Harry Brightmore

Personal information
- Nationality: British
- Born: 1 July 1994 (age 31)

Sport
- Country: Great Britain
- Sport: Rowing
- Event: Coxswain/Eights
- Club: Oxford Brookes University Boat Club

Medal record
Men's rowing
Representing Great Britain
Olympic Games
| Gold medal – first place | 2024 Paris | Eight |
World Championships
| Gold medal – first place | 2022 Račice | Eight |
| Gold medal – first place | 2023 Belgrade | Eight |
European Championships
| Gold medal – first place | 2022 Oberschleißheim | Eight |
| Gold medal – first place | 2024 Szeged | Eight |

= Harry Brightmore =

British rower (born 1994)

Harry Brightmore (born 1 July 1994) is a British rowing coxswain.
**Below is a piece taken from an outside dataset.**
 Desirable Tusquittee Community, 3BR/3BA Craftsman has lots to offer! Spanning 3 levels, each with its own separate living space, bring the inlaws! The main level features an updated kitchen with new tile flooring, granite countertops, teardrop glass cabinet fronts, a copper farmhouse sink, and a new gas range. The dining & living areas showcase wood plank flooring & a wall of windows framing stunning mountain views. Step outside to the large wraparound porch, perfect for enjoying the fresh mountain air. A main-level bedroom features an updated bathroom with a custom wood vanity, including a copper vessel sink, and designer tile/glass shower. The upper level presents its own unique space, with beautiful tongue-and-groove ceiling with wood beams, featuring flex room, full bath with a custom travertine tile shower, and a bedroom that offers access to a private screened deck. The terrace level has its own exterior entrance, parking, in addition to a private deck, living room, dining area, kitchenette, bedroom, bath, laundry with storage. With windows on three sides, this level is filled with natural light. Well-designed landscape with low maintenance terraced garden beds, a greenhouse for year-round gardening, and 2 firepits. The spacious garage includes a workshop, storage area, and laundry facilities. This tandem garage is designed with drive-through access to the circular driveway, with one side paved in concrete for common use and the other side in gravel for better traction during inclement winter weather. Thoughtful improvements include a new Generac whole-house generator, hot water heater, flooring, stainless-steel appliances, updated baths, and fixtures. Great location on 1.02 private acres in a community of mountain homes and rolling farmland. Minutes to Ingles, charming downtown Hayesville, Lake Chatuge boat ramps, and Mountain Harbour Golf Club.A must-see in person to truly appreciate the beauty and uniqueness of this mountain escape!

He is an Olympic and two-time world champion.

==Junior and varsity rowing==
Brightmore attended King's School, Chester where he took up coxing in 2008. He studied at Oxford Brookes University senior club rowing has been from the Oxford Brookes University Boat Club.
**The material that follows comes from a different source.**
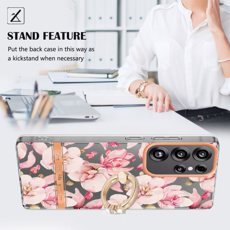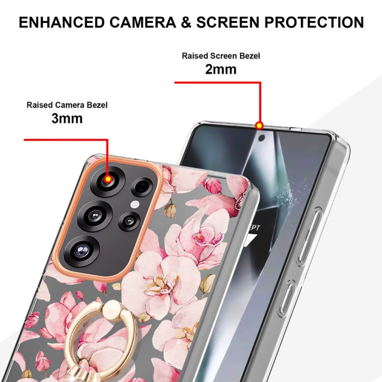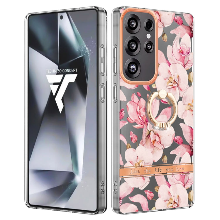 For Samsung Galaxy S25 Ultra 5G Flowers and Plants Series IMD TPU Phone Case with Ring Holder(Pink Gardenia)

In 2023, he won the Grand Challenge Cup (the blue riband event at the Henley Royal Regatta) for the second time, in the stern of an Oxford Brookes / Leander composite men's senior eight. His 2021 victory in the same event was in an all Oxford Brookes crew.

==International representative career==
Brightmore made his international representative debut for Great Britain in a coxed four which rowed to an overall fourth placing at the 2014 U23 World Rowing Championships. In 2015 and 2016 he coxed the British U23 men's eight at those years' U23 World Championships. His first senior national representative appearance was under the canvas of the GB men's coxed pair at the 2017 World Rowing Championships.

It was 2022 when Brightmore took hold of the rudder ropes in the GB men's senior eight and that same year he became a world champion when that crew won the eights title at the 2022 World Rowing Championships. He had earlier won gold that season at the 2022 European Rowing Championships.

At the 2023 World Rowing Championships in Belgrade, he won a second World Championship gold medal in the men's eight.

He won a gold medal as part of the Great Britain eight at the 2024 Summer Olympics.